April 30, 2015
Date of Report (Date of Earliest Event Reported)
(Exact name of registrant as specified in its charter)
(State or other jurisdiction
(Commission File Number)
(I.R.S. Employer
of incorporation)
Identification No.)
(Address of principal executive offices)
(Zip code)
(650) 857-1501
(Registrant's telephone number, including area code)
Check the appropriate box below if the Form 8-K filing is intended to simultaneously satisfy the filing obligation of the registrant under any of the following provisions:
            Written communications pursuant to Rule 425 under the Securities Act (17 CFR 230.425)
            Soliciting material pursuant to Rule 14a-12 under the Exchange Act (17 CFR 240.14a-12)
            Pre-commencement communications pursuant to Rule 14d-2(b) under the Exchange Act (17 CFR 240.14d-2(b))
            Pre-commencement communications pursuant to Rule 13e-4(c) under the Exchange Act (17 CFR 240.13e-4(c))


Item 1.01.
Entry into a Material Definitive Agreement.
                 The information described below under “Item 2.03. Creation of a Direct Financial Obligation under an Off-Balance Sheet Arrangement of a Registrant” is hereby incorporated by reference into this Item 1.01.
Item 2.03.
Creation of a Direct Financial Obligation or Obligation under an Off Balance Sheet Arrangement of a Registrant.
On April 30, 2015, Hewlett-Packard Company (“HP”) entered into a term loan agreement (the “Term Loan Agreement”), together with the lenders named therein and JPMorgan Chase Bank, N.A. (“JPMorgan”), as administrative agent, providing for a senior unsecured delayed, multiple-draw term loan facility in the aggregate principal amount of $5,000,000,000 (the “Term Loan”).  The Term Loan may be used for general corporate purposes, including to pay expenses associated with HP’s proposed plan to separate into two independent publicly-traded companies (the “Separation”) and matters related to the acquisition of Aruba Networks, Inc.
Commitments under the Term Loan will be available until the earlier of November 1, 2015, as such date may be extended as described below (the “Scheduled Maturity Date”), or the date of the Separation, provided that the unutilized commitments will (if in excess of such amounts) be automatically reduced to (i) $2,500,000,000 on June 30, 2015, and (ii) if the Scheduled Maturity Date has been extended as set forth below, to $1,500,000,000 on November 1, 2015. HP has the option to extend the then-current Scheduled Maturity Date of the term loans (i) from November 1, 2015 to December 15, 2015, upon payment of an extension fee, (ii) from December 15, 2015 to March 15, 2016, upon payment of an additional extension fee, and (iii) from March 15, 2016 to June 15, 2016, upon payment of an additional extension fee; provided that, notwithstanding any such extended maturity date, all loans will mature on any earlier date on which the Separation is consummated. In addition, HP is required to prepay the Term Loan (and, as applicable, reduce undrawn commitments thereunder) in an amount equal to the net cash proceeds received from certain material incurrences of debt for borrowed funds. HP currently has no borrowings outstanding under the Term Loan, but expects to borrow under the Term Loan from time to time.
Borrowings under the Term Loan will bear interest at rates per annum, determined, at HP’s option, by reference either to an alternate base rate (“ABR Borrowing”) or to LIBOR (“Eurodollar Borrowing”). ABR Borrowings will bear interest at (a) the highest of (i) the prime rate announced by JPMorgan, (ii) the Federal Funds Effective Rate plus one-half of 1%, and (iii) one-month LIBOR plus 1%, plus (b) a margin of between zero and 12.5 basis points, depending on the rating of HP’s long-term senior unsecured debt. Eurodollar Borrowings will bear interest at (a) the London interbank offered rate for deposits in dollars with a term equivalent to the interest period for such borrowing; plus (b) a margin of between 100 and 112.5 basis points, depending on the rating of HP’s long-term senior unsecured debt.

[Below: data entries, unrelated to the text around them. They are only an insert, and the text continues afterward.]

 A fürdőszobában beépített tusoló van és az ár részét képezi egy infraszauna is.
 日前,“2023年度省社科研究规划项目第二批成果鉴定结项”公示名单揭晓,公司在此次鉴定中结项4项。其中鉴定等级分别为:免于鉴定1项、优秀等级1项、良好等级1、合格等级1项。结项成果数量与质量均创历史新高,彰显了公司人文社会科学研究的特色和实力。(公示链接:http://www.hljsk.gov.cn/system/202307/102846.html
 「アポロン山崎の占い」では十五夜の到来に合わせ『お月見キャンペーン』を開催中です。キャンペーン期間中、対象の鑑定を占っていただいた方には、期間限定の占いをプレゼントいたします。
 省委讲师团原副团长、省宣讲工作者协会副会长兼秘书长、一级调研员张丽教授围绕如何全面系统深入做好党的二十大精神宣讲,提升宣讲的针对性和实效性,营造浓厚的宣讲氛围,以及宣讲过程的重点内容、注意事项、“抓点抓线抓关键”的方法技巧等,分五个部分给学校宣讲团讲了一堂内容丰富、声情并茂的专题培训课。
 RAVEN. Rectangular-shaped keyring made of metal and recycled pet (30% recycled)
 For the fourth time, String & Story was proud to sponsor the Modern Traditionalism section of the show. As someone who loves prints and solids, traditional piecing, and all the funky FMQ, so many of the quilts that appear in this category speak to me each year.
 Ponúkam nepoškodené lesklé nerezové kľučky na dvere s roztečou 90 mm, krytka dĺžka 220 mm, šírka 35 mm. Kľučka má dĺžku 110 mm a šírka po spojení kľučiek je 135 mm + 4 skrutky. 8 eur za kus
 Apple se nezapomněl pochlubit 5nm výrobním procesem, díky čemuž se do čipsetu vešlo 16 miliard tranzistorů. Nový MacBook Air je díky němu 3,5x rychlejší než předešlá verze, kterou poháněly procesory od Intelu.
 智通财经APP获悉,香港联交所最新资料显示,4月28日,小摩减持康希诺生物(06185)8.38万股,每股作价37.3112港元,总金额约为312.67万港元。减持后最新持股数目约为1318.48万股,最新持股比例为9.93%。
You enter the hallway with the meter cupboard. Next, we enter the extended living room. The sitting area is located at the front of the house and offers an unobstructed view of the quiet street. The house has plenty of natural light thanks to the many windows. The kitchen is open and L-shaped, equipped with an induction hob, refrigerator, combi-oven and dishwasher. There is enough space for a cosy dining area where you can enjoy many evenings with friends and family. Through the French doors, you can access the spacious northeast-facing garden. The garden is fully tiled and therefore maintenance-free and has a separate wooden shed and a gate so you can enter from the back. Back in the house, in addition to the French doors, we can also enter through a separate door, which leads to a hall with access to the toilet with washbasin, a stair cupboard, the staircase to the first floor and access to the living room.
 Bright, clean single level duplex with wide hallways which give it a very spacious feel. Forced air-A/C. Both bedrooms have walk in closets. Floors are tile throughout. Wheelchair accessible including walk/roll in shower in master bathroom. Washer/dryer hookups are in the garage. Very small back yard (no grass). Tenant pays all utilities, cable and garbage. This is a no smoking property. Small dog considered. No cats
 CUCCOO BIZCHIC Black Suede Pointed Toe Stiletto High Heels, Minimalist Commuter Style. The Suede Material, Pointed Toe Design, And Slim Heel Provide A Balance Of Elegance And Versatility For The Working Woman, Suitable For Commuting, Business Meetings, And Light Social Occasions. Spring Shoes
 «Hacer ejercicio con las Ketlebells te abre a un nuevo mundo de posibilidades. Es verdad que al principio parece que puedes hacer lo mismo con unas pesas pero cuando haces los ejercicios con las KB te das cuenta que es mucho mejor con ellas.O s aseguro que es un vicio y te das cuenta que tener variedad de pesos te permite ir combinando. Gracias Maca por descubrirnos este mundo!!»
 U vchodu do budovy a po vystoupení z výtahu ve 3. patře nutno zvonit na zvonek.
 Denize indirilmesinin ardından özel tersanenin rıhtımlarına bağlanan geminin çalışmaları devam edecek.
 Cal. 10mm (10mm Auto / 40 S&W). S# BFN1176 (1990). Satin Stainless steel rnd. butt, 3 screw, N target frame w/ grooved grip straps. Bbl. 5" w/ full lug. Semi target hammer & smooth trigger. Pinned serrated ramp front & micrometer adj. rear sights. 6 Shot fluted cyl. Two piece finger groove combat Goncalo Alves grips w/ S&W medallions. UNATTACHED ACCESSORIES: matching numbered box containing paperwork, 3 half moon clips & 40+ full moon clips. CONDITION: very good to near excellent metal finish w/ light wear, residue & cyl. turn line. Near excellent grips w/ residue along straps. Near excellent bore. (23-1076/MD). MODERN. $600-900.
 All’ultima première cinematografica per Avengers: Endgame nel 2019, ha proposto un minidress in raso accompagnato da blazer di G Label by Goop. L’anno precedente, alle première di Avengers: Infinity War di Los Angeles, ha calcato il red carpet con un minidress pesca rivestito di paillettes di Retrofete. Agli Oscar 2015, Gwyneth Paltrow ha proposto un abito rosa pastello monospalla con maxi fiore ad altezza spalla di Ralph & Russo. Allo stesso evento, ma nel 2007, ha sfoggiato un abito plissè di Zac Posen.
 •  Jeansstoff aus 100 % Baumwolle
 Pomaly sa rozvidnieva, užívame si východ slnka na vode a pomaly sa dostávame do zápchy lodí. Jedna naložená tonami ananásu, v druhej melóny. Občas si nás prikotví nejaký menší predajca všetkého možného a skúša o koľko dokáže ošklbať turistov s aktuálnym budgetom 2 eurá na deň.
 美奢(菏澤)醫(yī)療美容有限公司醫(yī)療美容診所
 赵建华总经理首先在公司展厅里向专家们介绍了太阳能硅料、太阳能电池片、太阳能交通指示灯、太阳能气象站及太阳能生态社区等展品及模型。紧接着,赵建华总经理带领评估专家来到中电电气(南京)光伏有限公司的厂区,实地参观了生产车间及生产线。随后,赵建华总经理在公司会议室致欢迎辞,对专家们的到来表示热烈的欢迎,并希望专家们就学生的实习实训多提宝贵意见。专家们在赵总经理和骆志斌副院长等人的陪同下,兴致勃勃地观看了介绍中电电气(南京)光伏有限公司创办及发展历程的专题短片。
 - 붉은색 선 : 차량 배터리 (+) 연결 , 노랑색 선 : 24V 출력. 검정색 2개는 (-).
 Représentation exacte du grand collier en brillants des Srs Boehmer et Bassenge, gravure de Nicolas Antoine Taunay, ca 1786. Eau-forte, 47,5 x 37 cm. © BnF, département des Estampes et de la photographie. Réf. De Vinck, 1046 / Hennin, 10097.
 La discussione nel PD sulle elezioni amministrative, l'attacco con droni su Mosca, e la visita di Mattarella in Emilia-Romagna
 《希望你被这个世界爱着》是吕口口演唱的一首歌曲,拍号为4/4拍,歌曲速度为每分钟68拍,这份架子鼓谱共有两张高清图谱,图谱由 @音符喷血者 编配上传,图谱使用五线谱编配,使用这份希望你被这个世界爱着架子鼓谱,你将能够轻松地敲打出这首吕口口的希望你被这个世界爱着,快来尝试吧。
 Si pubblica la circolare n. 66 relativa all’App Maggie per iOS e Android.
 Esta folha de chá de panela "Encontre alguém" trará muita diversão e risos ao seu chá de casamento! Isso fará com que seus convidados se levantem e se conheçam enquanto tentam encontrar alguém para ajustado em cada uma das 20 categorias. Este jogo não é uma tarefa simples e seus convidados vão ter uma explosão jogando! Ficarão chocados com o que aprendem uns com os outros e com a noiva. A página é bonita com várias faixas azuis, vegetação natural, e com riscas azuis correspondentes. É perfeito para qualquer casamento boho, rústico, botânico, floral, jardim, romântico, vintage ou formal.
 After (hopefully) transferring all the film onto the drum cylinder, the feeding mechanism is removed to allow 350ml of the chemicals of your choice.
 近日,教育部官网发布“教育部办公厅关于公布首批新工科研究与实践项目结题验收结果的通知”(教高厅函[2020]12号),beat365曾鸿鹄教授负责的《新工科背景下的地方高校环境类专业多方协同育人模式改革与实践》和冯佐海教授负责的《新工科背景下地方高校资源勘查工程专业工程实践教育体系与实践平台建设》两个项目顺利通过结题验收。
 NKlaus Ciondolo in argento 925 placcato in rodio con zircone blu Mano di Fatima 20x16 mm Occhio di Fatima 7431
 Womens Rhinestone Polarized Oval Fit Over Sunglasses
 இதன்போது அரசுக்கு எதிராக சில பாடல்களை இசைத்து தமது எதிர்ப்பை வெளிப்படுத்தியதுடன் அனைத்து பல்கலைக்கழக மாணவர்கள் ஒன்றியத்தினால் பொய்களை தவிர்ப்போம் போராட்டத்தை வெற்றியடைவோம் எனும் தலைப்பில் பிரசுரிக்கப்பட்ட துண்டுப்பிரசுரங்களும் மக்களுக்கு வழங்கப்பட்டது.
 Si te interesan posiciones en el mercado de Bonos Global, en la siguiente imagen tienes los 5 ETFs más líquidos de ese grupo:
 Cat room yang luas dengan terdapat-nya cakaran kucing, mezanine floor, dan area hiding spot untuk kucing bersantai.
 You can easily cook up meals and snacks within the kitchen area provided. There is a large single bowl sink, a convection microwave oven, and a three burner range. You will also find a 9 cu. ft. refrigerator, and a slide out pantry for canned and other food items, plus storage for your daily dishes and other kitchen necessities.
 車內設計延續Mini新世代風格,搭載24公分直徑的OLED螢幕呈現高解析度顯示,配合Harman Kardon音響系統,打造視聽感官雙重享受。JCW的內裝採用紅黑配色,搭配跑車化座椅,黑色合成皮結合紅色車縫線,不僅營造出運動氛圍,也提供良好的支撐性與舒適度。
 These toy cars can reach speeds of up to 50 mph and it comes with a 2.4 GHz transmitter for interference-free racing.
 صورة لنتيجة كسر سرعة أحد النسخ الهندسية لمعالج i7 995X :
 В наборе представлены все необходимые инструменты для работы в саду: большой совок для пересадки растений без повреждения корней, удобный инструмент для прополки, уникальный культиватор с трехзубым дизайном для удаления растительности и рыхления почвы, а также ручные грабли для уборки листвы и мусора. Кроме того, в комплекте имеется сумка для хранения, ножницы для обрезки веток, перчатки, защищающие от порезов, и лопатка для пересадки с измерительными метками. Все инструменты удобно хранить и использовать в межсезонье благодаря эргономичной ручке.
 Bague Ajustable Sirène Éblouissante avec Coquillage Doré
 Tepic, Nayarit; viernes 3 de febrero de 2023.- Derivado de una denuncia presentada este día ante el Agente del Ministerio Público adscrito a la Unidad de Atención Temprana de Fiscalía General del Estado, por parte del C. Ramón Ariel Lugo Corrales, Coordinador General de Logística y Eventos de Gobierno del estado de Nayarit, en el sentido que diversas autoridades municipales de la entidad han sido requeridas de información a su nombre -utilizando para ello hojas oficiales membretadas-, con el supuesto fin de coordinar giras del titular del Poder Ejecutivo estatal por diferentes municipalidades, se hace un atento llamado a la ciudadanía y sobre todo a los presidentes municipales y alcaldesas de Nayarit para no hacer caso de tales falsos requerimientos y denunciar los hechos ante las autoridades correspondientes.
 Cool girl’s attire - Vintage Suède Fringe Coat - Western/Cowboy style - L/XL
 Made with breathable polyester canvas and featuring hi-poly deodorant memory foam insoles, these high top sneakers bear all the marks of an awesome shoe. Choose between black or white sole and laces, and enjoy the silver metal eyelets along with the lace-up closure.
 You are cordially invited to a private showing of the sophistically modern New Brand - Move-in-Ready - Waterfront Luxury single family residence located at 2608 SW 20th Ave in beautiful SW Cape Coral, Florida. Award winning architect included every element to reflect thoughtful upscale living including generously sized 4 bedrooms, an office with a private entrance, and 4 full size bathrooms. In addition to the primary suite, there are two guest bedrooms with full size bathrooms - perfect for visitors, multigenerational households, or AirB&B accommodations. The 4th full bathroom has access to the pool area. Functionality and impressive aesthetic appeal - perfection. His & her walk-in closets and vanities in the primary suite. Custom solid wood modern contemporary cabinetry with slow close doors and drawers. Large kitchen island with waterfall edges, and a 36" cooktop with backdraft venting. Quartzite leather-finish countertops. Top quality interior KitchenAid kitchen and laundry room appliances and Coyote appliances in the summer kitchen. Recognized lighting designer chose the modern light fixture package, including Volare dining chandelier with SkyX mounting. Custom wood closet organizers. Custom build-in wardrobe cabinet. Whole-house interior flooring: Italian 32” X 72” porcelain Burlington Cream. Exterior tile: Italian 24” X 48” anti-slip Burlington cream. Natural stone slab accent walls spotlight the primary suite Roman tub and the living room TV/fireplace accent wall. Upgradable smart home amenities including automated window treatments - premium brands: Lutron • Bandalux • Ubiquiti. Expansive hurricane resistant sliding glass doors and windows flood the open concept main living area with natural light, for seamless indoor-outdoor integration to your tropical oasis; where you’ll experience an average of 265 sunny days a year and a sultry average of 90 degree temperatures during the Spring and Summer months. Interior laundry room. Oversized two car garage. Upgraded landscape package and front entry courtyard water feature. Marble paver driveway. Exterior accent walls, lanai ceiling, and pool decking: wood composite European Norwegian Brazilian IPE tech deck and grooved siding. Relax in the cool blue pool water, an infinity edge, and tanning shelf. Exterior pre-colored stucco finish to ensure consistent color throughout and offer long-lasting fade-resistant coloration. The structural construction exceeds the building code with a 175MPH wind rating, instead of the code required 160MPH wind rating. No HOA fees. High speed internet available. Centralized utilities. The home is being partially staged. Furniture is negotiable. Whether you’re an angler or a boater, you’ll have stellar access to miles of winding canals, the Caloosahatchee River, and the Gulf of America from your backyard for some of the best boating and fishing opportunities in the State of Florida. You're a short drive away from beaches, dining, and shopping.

The Term Loan Agreement contains customary representations and warranties and customary affirmative, negative and financial covenants. The covenants contain, among other things, limitations on HP and its subsidiaries incurring liens, entering into sale and leaseback transactions, disposing of assets and entering into certain types of fundamental change transactions. Under the financial covenant, HP may not permit the ratio of its consolidated EBITDA to its consolidated interest expense to exceed 3.0 to 1 for any period of four consecutive fiscal quarters.

The Term Loan Agreement includes customary events of default, including events of default relating to non-payment of amounts due under the Term Loan, material inaccuracy of representations and warranties, violation of covenants, non-payment or acceleration of other material indebtedness, bankruptcy and insolvency, unsatisfied material judgments and change of control. If an event of default occurs under the Term Loan Agreement, the lenders will be able to terminate the commitments and accelerate the maturity of the Term Loan and exercise other rights and remedies.

The foregoing description is qualified by reference to the full text of the Term Loan Agreement, which HP will file with its Quarterly Report on Form 10-Q for the fiscal quarter ended April 30, 2015.

In the ordinary course of their respective financial services businesses, the lenders party to the Term Loan, or their respective affiliates, have provided, and may in the future provide to HP, and persons and entities with relationships with HP, a variety of services, including cash management, investment research and management, commercial banking, hedging, brokerage, and advisory or other financial and non-financial activities and services, for which they received or will receive customary fees and expenses. 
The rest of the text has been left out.